#### [What is required]
Beginning at the top of the entries below, retype each line exactly until the line containing "Portuguese India 1881" has been written out; include no pictures and no later lines.

#### [Data]
=-=-=

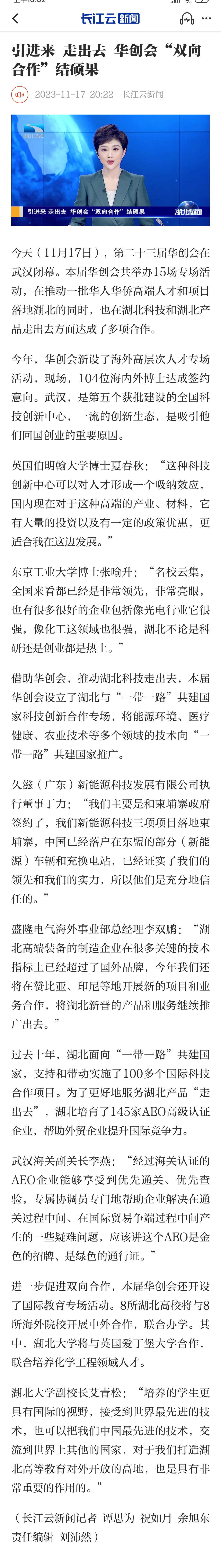 湖北卫视:引进来 走出去 华创会“双向合作”结硕果
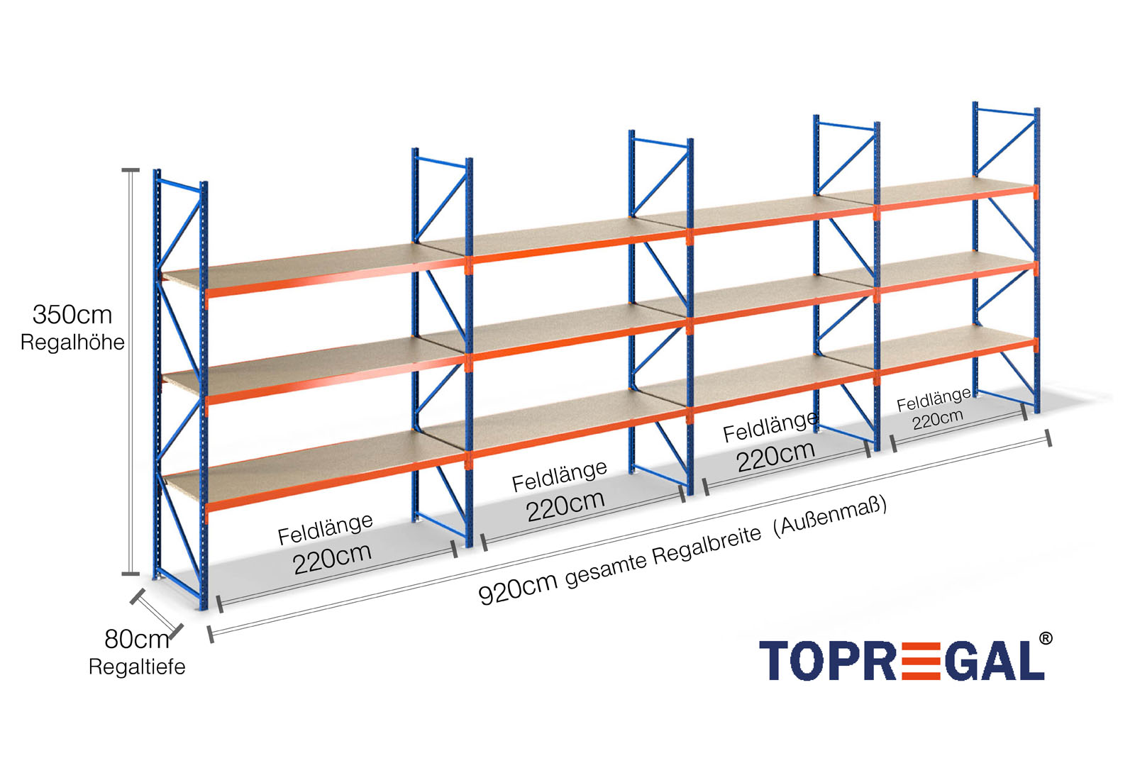 9,2 m opbevaringsreol LR2000 / 80 cm dyb / 3,5 m høj / 3 niveauer / hylde træ
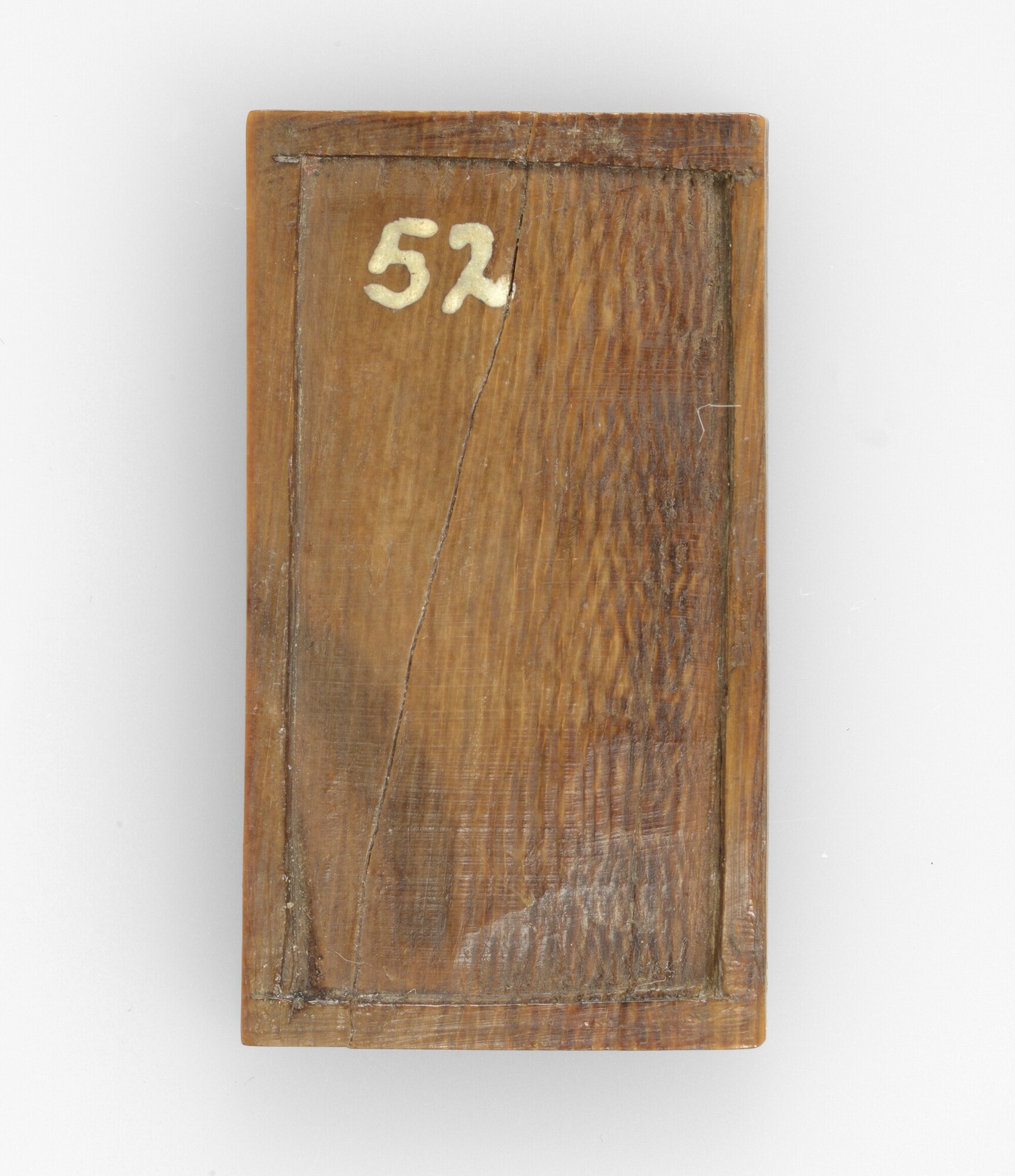 Paneel; mogelijk onderdeel reisaltaar; reliëfvoorstelling van een Augustijner kanunnik met twee bijbels binnen een gewelf in gotische stijl; vondstomstandigheden: gevonden aan de oostkant van het eiland, vondstdatum: 03-09-1935
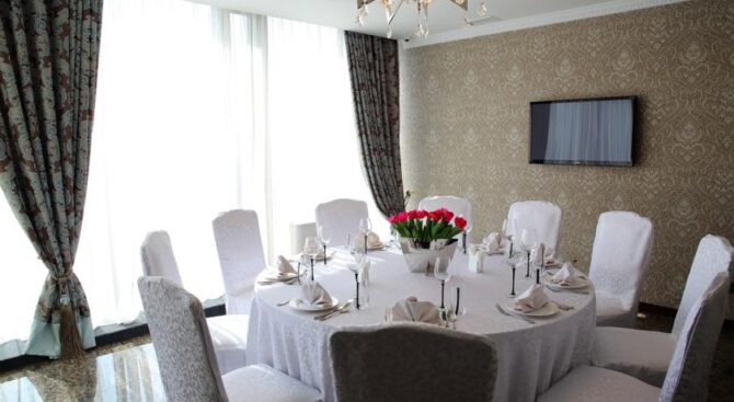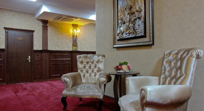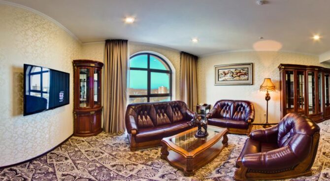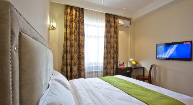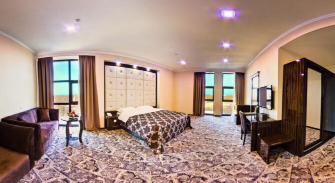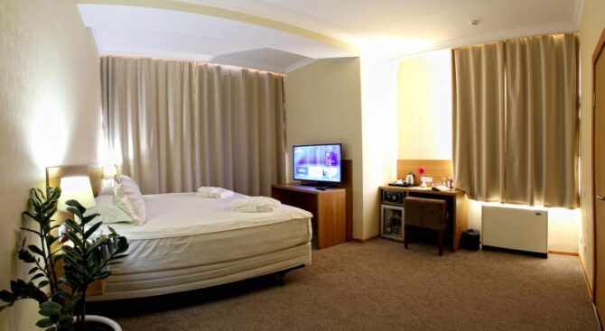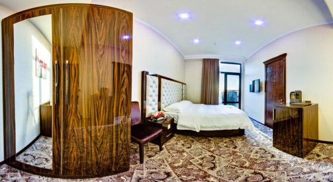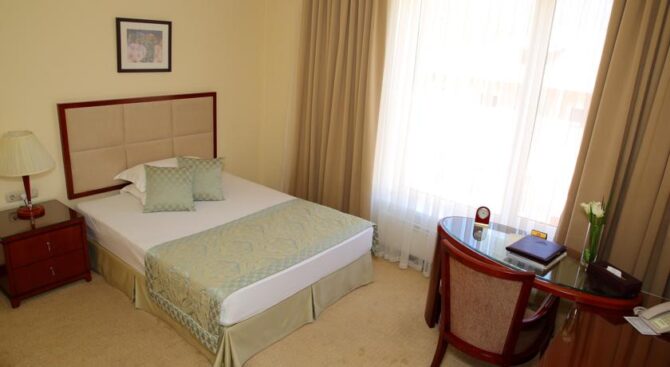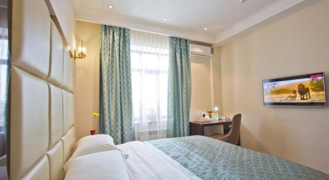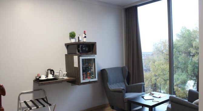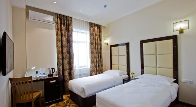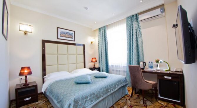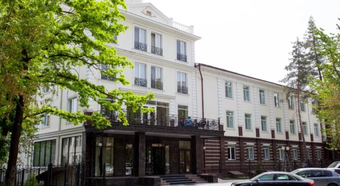Этот большой четырехзвездочный отель славится своим спа-салоном, в котором вы можете не только насладиться сауной и массажем, но и выбрать более изысканные процедуры. В Парк Отеле Бишкек 67 номеров, каждый из которых выполнен в классическом стиле. В номерах есть все для комфортного отдыха: телевизор, чайник, мини-бар, сейф, косметические принадлежности.
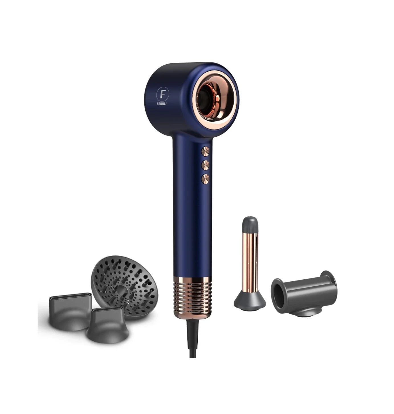 Skirtingi antgaliai šukuosenos formavimui. Su Ferrli džiovintuvu be karščio sukeliamos žalos puikiai išsidžiovinsite ir kartu susiformuosite šukuoseną. Skirtingi antgaliai leis pasiekti madingų garbanų ar itin glotnių plaukų šukuoseną.
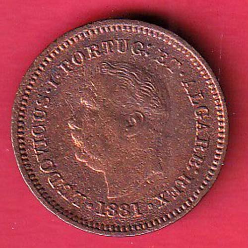 Portuguese India 1881 LUDOVICUS.I quarto de tangka copper coin :- FC7941
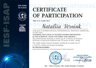 З 21 по 30 жовтня 2025 року завідувач кафедри менеджменту Уманського національного університету, кандидат економічних наук, доцент, Наталія ВЕРНЮК взяла участь у Міжнародному дистанційному науково-педагогічному підвищенні кваліфікації на тему: «Неформальна освіта у підготовці здобувачів вищої освіти в країнах Європейського Союзу».
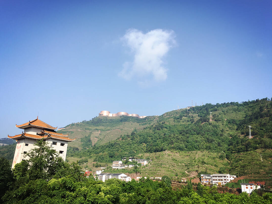 晴朗的时候,茅台镇青山苍翠,云挂山间。
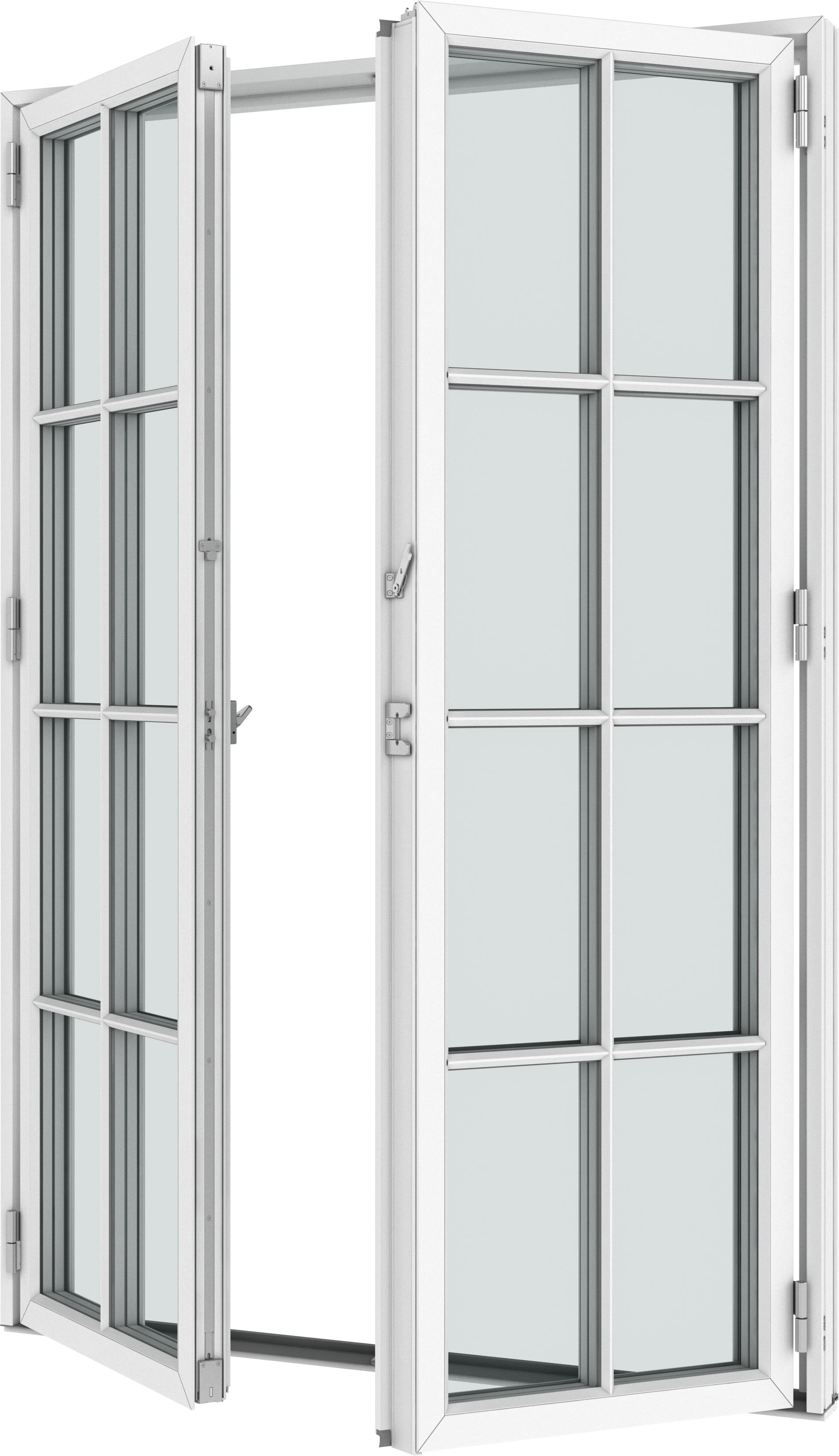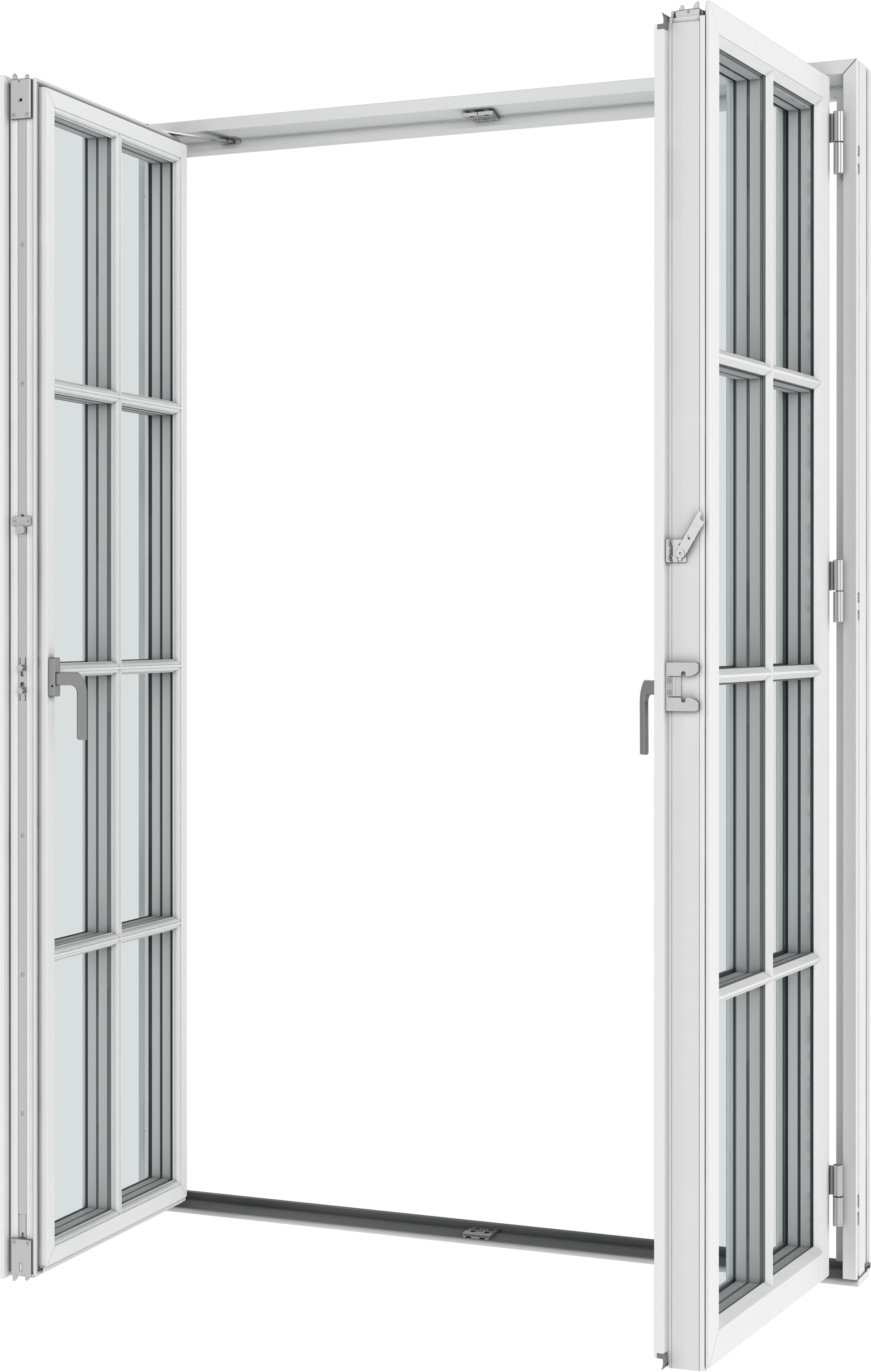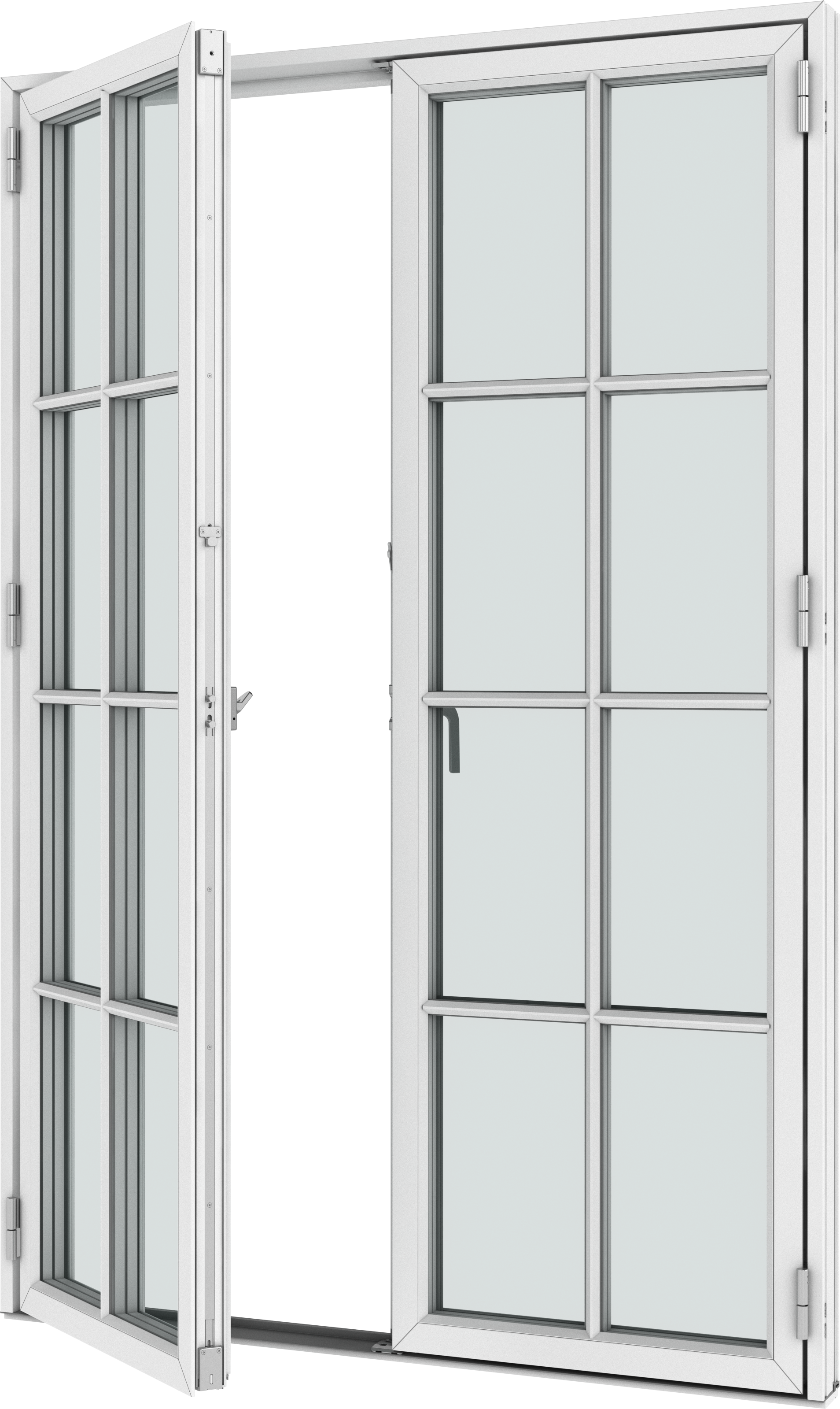 - Two espagnolette handles with handle operated brake, which can keep the door open in a random position under calm weather conditions (not possible with 180° hinges).
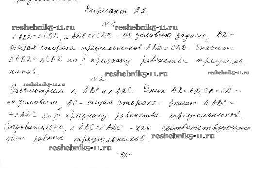 Готовая домашняя работа с ответами по Алгебре за 7 класс Ершова, Голобородько Самостоятельные и контрольные работы Илекса 2015 ФГОС - СР-8. Второй и третий признаки равенства треугольников вариант А-2

=-=-=

#### [Response]
 湖北卫视:引进来 走出去 华创会“双向合作”结硕果
 9,2 m opbevaringsreol LR2000 / 80 cm dyb / 3,5 m høj / 3 niveauer / hylde træ
 Paneel; mogelijk onderdeel reisaltaar; reliëfvoorstelling van een Augustijner kanunnik met twee bijbels binnen een gewelf in gotische stijl; vondstomstandigheden: gevonden aan de oostkant van het eiland, vondstdatum: 03-09-1935
Этот большой четырехзвездочный отель славится своим спа-салоном, в котором вы можете не только насладиться сауной и массажем, но и выбрать более изысканные процедуры. В Парк Отеле Бишкек 67 номеров, каждый из которых выполнен в классическом стиле. В номерах есть все для комфортного отдыха: телевизор, чайник, мини-бар, сейф, косметические принадлежности.
 Skirtingi antgaliai šukuosenos formavimui. Su Ferrli džiovintuvu be karščio sukeliamos žalos puikiai išsidžiovinsite ir kartu susiformuosite šukuoseną. Skirtingi antgaliai leis pasiekti madingų garbanų ar itin glotnių plaukų šukuoseną.
 Portuguese India 1881 LUDOVICUS.I quarto de tangka copper coin :- FC7941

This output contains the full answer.